Compte tenu de cette humiliation, les jeunes de cette figure disent vouloir ardemment rompre avec la situation de rue. Pour ce faire, ils rapportent mettre en place une diversité de tactiques de débrouillardise : l’hébergement temporaire chez des connaissances, la fréquentation de ressources pour jeunes en situation de rue, ainsi que l’usage occasionnel de tactiques criminelles, comme le vol et la vente de drogues. Par le recours à ces tactiques, les jeunes semblent vouloir montrer, voire prouver, à autrui qu’ils diffèrent des jeunes qui, selon eux, apprécient l’expérience de rue et s’y identifient. Il est probable de croire que les jeunes tentent ainsi de rejeter l’identité négative associée à la situation de rue pour préserver leur dignité et, par le fait même, pour préserver une identité positive. Par exemple, Christian précise ne pas se reconnaître dans l’expérience de rue qu’il juge disqualifiante. Contrairement aux « autres » jeunes, Christian indique avoir toujours été capable d’éviter de dormir dans la rue. Par conséquent, il présente une vision critique de son expérience de rue en se positionnant comme un acteur différent de ceux qui se reconnaissent dans cette situation de vie.

C’est juste que moi les punks qui sont rendus trop punk, désolé mais, ils aiment ça « eux autres » être dans la rue. Moi je n’aime pas ça, je viens de la campagne et j’ai trouvé ça drastique me ramasser dans la rue… Je veux me sortir de là le plus tôt possible. […] Quand tu es rendu trop punk, avec ton coat de cuir plein de patchs, c’est que tu aimes ça… Moi, je n’aime pas ça, surtout quand tu es tout le temps sale. Moi, je ne suis jamais vraiment resté dans la rue et je trouve ça dur! J’imagine que ça doit être dur de se sortir de ce monde-là quand tu dors dans la rue… (Christian, 24 ans)

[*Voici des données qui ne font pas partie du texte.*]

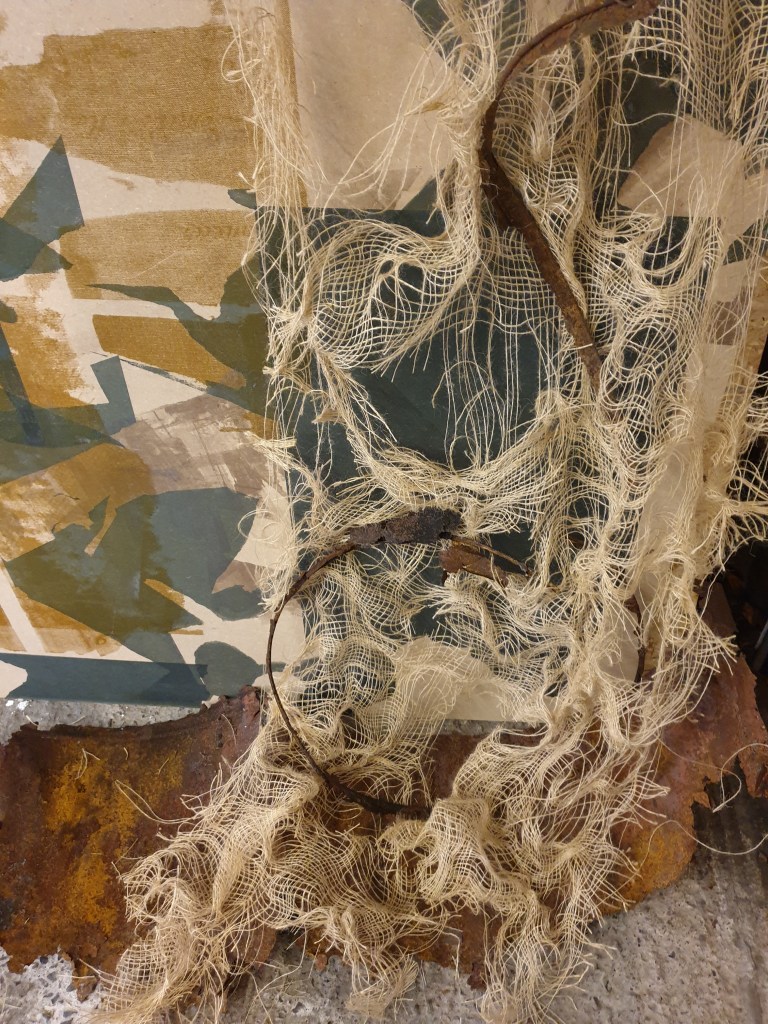 The woollen grey coloured fishermans sweater was ripped and unravelled beyond the ribbed section bottom up to create increasingly dynamic and expressive use of looser weave, of disintegrating yarn bearly held together. I felt that the ripped and fragmenting taupe coloured scrim contrasted well with the grey coloured unravelling wool. While stitching was used this was removed as it seemed to detract from the freedom of the scrim and wool together to avoid any form of restriction and restraint. I felt the process of unravelling mimicked the disintegration and destruction of the environment as sections of the jumper increasingly disappeared from sight. The effects of unravelling as the yarn came apart naturally created entanglements and beautifully formed knitted threads as the wool held on to the shape of the stitching. This then conveyed the stitching I was looking for alongside the woven effects as the remanents of the knitted jumper held its sculptural form. That said the fishermans sweater proved to be indestructable despite years of wear and tear, although every effort was made to respectfully dye and degrade. In considering this additional projects were undertaken to utilise more related elements in line with my preferred narrative and context including found corroded metal objects and repurposed scrim to better convey and accentuate fragility, disintegration and fracturing.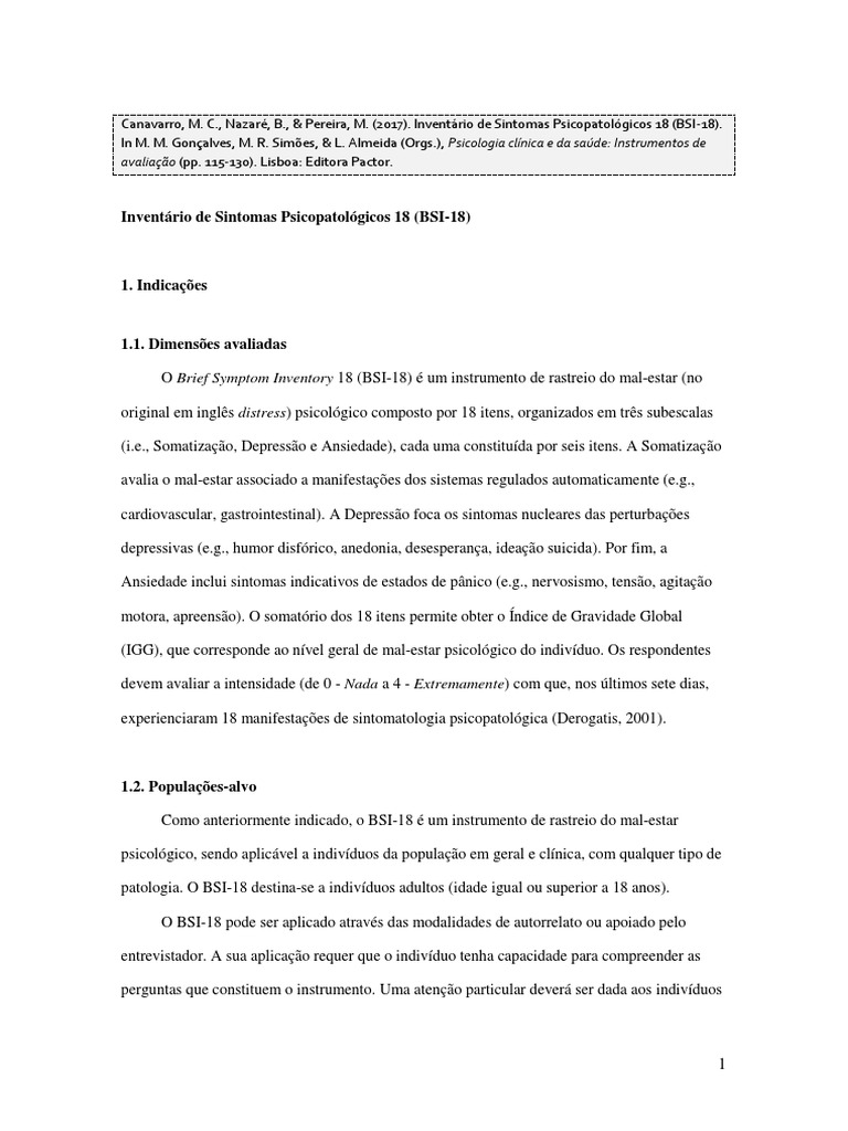 (Andreu et al., 2008), o BSI-18 pode constituir também uma medida de monitorização e de

Au-delà des tactiques de débrouillardise, les jeunes de cette figure témoignent de tactiques relationnelles pour rompre avec la situation de rue. L’une de ces tactiques consiste à éviter les contacts sociaux avec les autres jeunes, et ce, en restant en marge des réseaux de sociabilité de la rue. Les jeunes de cette figure se placent ainsi en situation de désaffiliation sociale pour ne pas être identifiés à l’expérience de rue. À l’instar de l’analyse proposée par de Gaulejac (1996 : 242), les jeunes rencontrés se coupent des autres pour tenter d’échapper aux regards qui leur sont insupportables,

comme si ces regards allaient révéler au monde leur impression de disqualification sociale. S’ils établissent quelques contacts épisodiques, les rapports avec les autres jeunes sont le plus souvent évités. Ce faisant, ils disent être seuls, sans véritables amis sur lesquels ils peuvent s’appuyer pour les aider. Par exemple, Christian indique se soustraire de tous contacts amicaux avec les jeunes en situation de rue. Plutôt que de parler d’amitiés, il préfère utiliser les mots « connaissances » ou « fréquentations » pour désigner ses rapports sociaux.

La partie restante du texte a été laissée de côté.